The Swedish legislation at stake in Laval was incompatible with Article 56 TFEU. The rights this provision confers upon private parties, namely the freedom to provide services and the right not to be discriminated against on account of nationality, were not breached in respect of the trade unions. Therefore, the trade unions do not fall within the scope of protection of Article 56 TFEU, which does not aim to protect the damages suffered by the trade unions, namely the amount payable to Laval as a result of the disapplication of the Swedish provision that is incompatible with Article 56 TFEU.
417. The same applies to Swedex: the German provision that is incompatible with Article 21 Charter discriminated employees on account of their age. Swedex is not discriminated against and does therefore not fall within the scope of protection of Article 21 Charter and Directive 2000/78. These provisions do not aim to protect against damages suffered by a private party that relied on national legislation that has to be disapplied for being incompatible with Article 21 TFEU and Directive 2000/78 – e.g. the amount that Swedex had to pay Kücükdeveci as a result of the disapplication of the German problematic provision.
418. Is there another rule of Union law that the trade unions and Swedex can rely on, that confers rights upon them and that aims to protect them against the damages suffered?

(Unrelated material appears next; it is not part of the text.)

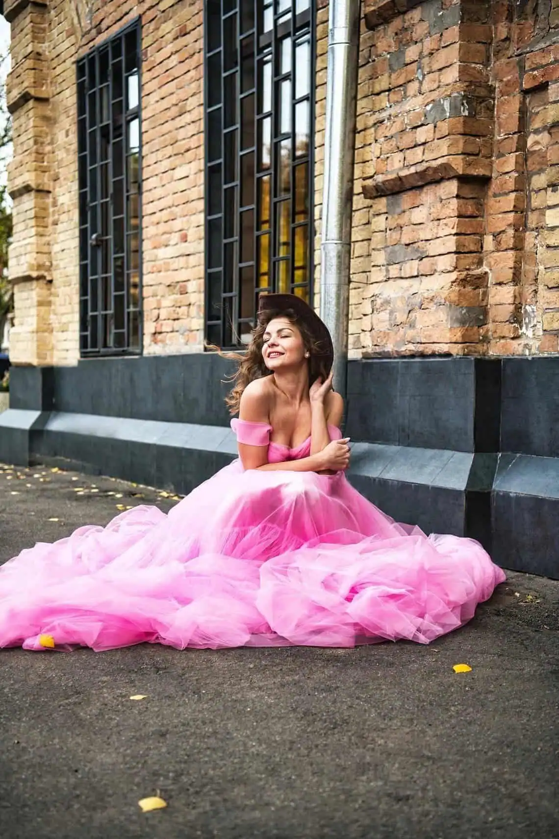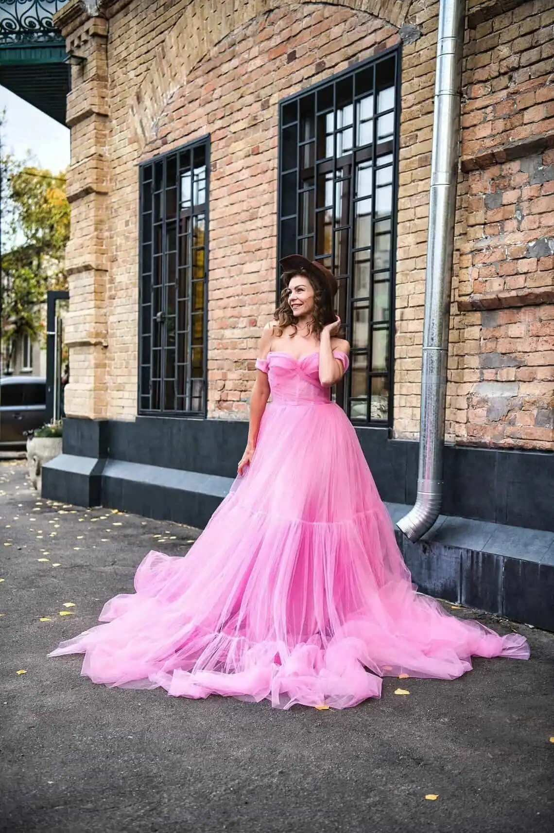 Make a statement on your special day with this breathtaking pink tulle princess gown. The off-shoulder design and voluminous skirt create a romantic, fairy-tale aesthetic thats perfect for a birthday celebration.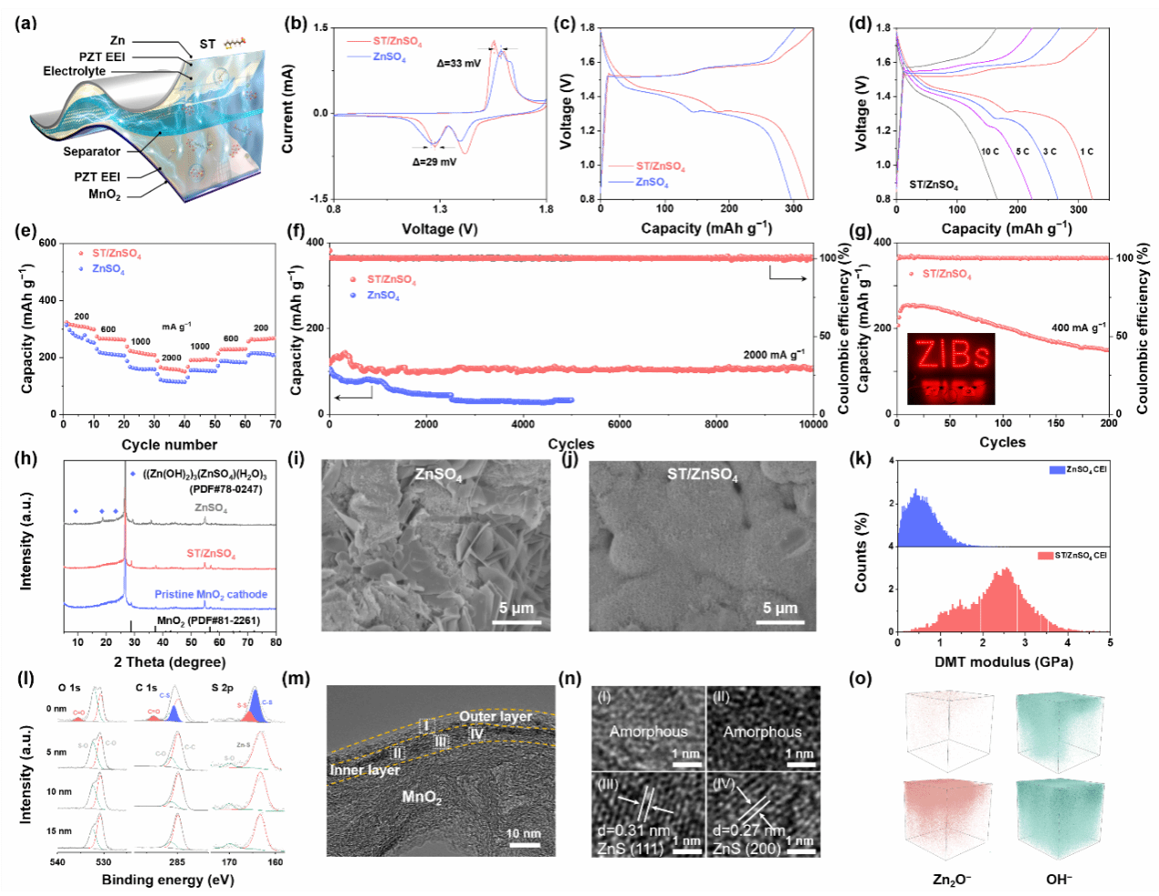 近日,凯发k8官网姚亚刚教授团队提出了一种简便且可规模化的工程策略,通过在ZnSO?电解液中引入硫辛酸钠(ST)分子,在电极与电解质之间构建稳定的双层界面。ST分子具有良好的亲锌性,首先通过调控水合Zn??离子的溶剂化结构,部分置换其水合鞘中的H?O分子,从而优化电解液环境,有效抑制腐蚀并削弱析氢反应。随后,ST阴离子在Helmholtz内层上的特异吸附重构了电双层结构,促进Zn??的脱溶,并通过其捕获Zn??的能力实现界面电荷分布的均匀化。在吸附过程中,界面上的ST分子发生原位聚合,形成由ZnS–有机无定形内层和聚合态硫辛酸锌外层组成的双层结构。其中,内层调节Zn??的离子通量,外层则增强界面的机械强度。值得一提的是,ST分子中的二硫键可发生动态断裂与重组,使聚合界面具备自修复能力,能够修复损伤,并进一步提升电极-电解质界面的自调节性与适应性。凭借这一独特设计,ST增强的锌对称电池在60mAcm??高电流密度下实现了长达7800圈的超长循环寿命;同时,组装的锌锰全电池在2000mAg??下经过10,000圈循环后容量衰减率仅为0.0014%。这一双层界面工程策略为实现长寿命锌锰全电池的发展提供了重要突破。

I dare to doubt that. The obligation of Member States to attune their national legislation to rules of Union law and their obligation to implement directives correctly and in due time are obligations that do not confer a specific subjective right upon private parties. Therefore, those obligations cannot be invoked by private parties, like the trade unions and Swedex, that have become the victim of the Member State’s failure to comply with those obligations. Concluding, an action for Member State liability by parties like the trade unions and Swedex on the basis of the conditions formulated by the Court of Justice would thus strand at the Schutznorm requirement.4 For this reason, it would be pointless to elaborate on the other conditions for Member State liability. From the perspective of judicial protection of private parties in relation to failures of a Member State to comply with their obligations under EU law, this conclusion can be frowned upon because it reveals that EU law shows a lacuna in the set of rules in Union law that promote effective judicial protection against breaches of Union law: private parties can become the victim of a Member State’s failure to comply with Union law without having the opportunity to have their damages recovered on the basis of Union law. Hence, the only way for these parties to try to recover their damages is by employing the national regime for State liability.